**Data:**
- Opening Delimiter -

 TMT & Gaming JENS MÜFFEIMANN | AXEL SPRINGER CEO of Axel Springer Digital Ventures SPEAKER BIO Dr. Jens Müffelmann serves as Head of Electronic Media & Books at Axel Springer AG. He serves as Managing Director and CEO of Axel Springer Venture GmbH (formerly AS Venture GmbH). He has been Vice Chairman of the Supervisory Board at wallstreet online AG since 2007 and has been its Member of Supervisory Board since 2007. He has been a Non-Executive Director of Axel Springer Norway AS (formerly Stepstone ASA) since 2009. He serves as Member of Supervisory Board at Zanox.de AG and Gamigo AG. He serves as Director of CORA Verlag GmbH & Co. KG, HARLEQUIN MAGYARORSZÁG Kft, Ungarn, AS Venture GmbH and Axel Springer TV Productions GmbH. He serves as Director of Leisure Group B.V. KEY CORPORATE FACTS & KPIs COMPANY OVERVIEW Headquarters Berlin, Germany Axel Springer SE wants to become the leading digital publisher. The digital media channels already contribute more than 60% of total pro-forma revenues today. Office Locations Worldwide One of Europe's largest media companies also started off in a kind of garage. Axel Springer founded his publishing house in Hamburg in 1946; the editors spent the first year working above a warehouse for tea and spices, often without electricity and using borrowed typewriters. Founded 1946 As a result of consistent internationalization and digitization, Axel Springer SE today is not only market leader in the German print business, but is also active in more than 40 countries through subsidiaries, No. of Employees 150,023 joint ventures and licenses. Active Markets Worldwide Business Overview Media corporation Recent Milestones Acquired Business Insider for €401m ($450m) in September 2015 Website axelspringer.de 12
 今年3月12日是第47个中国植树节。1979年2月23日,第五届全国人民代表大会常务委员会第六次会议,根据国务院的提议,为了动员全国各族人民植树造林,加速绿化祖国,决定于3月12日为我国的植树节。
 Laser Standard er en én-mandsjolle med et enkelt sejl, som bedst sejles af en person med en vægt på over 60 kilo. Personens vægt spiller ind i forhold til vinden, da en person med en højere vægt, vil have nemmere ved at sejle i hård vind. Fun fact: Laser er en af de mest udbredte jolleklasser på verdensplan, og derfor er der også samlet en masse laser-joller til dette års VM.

- Closing Delimiter -

**Exercise prompt:** Repeat all of the data shown above, exactly as it appears.

**Answer:**
 TMT & Gaming JENS MÜFFEIMANN | AXEL SPRINGER CEO of Axel Springer Digital Ventures SPEAKER BIO Dr. Jens Müffelmann serves as Head of Electronic Media & Books at Axel Springer AG. He serves as Managing Director and CEO of Axel Springer Venture GmbH (formerly AS Venture GmbH). He has been Vice Chairman of the Supervisory Board at wallstreet online AG since 2007 and has been its Member of Supervisory Board since 2007. He has been a Non-Executive Director of Axel Springer Norway AS (formerly Stepstone ASA) since 2009. He serves as Member of Supervisory Board at Zanox.de AG and Gamigo AG. He serves as Director of CORA Verlag GmbH & Co. KG, HARLEQUIN MAGYARORSZÁG Kft, Ungarn, AS Venture GmbH and Axel Springer TV Productions GmbH. He serves as Director of Leisure Group B.V. KEY CORPORATE FACTS & KPIs COMPANY OVERVIEW Headquarters Berlin, Germany Axel Springer SE wants to become the leading digital publisher. The digital media channels already contribute more than 60% of total pro-forma revenues today. Office Locations Worldwide One of Europe's largest media companies also started off in a kind of garage. Axel Springer founded his publishing house in Hamburg in 1946; the editors spent the first year working above a warehouse for tea and spices, often without electricity and using borrowed typewriters. Founded 1946 As a result of consistent internationalization and digitization, Axel Springer SE today is not only market leader in the German print business, but is also active in more than 40 countries through subsidiaries, No. of Employees 150,023 joint ventures and licenses. Active Markets Worldwide Business Overview Media corporation Recent Milestones Acquired Business Insider for €401m ($450m) in September 2015 Website axelspringer.de 12
 今年3月12日是第47个中国植树节。1979年2月23日,第五届全国人民代表大会常务委员会第六次会议,根据国务院的提议,为了动员全国各族人民植树造林,加速绿化祖国,决定于3月12日为我国的植树节。
 Laser Standard er en én-mandsjolle med et enkelt sejl, som bedst sejles af en person med en vægt på over 60 kilo. Personens vægt spiller ind i forhold til vinden, da en person med en højere vægt, vil have nemmere ved at sejle i hård vind. Fun fact: Laser er en af de mest udbredte jolleklasser på verdensplan, og derfor er der også samlet en masse laser-joller til dette års VM.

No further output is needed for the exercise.